In his book The Most Human Human, Brian Christian discussed what Baba Shiv of the Stanford Graduate School of Business called the decision dilemma, “where there is no objectively best choice, where there are simply a number of subjective variables with trade-offs between them. The nature of the situation is such that additional information probably won’t even help. In these cases - consider the parable of the donkey that, halfway between two bales of hay and unable to decide which way to walk, starves to death - what we want, more than to be correct, is to be satisfied with our choice (and out of the dilemma).”
A cognitive bias formally called illusory superiority is sometimes known as the above average effect or the Lake Wobegon Effect named after Garrison Keillor’s fictional town where “all the women are strong, all the men are good looking, and all the children are above average.”
The non-fictional world of business decision-making sometimes seems like its corporate headquarters is based in Lake Wobegon, where all the key performance indicators are strong, all the financial forecasts are good looking and all the business decisions are above average.
Whenever Lake Wobegon’s business leaders make a decision, they know on some level they could be making a mistake.

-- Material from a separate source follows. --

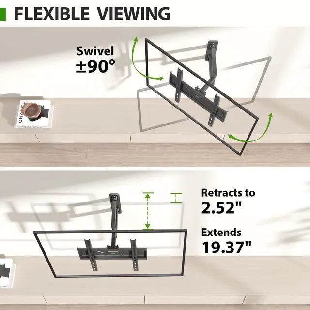 Full Motion Flexibility: With a tilt of +5/-12 and up to +/-90 swivel (Maximum swivel angle depends on your TV size), this adjustable TV bracket reduces glare and enhances viewing from any spot in the room. You can extend the arm 19.37 for a better view or pull it back to 2.52 to save space ^^

But because they’re confident in their ability and, more importantly, want to display that confidence to others, they overestimate their ability to make good decisions.
I call this illusory superiority, which biases decision-makers into ignoring any other bales of hay (i.e., alternative decisions), thereby rescuing them from the decision dilemma and guaranteeing they will always be satisfied with their choice, the Decision Wobegon Effect.
Are your business decisions affected by the Decision Wobegon Effect?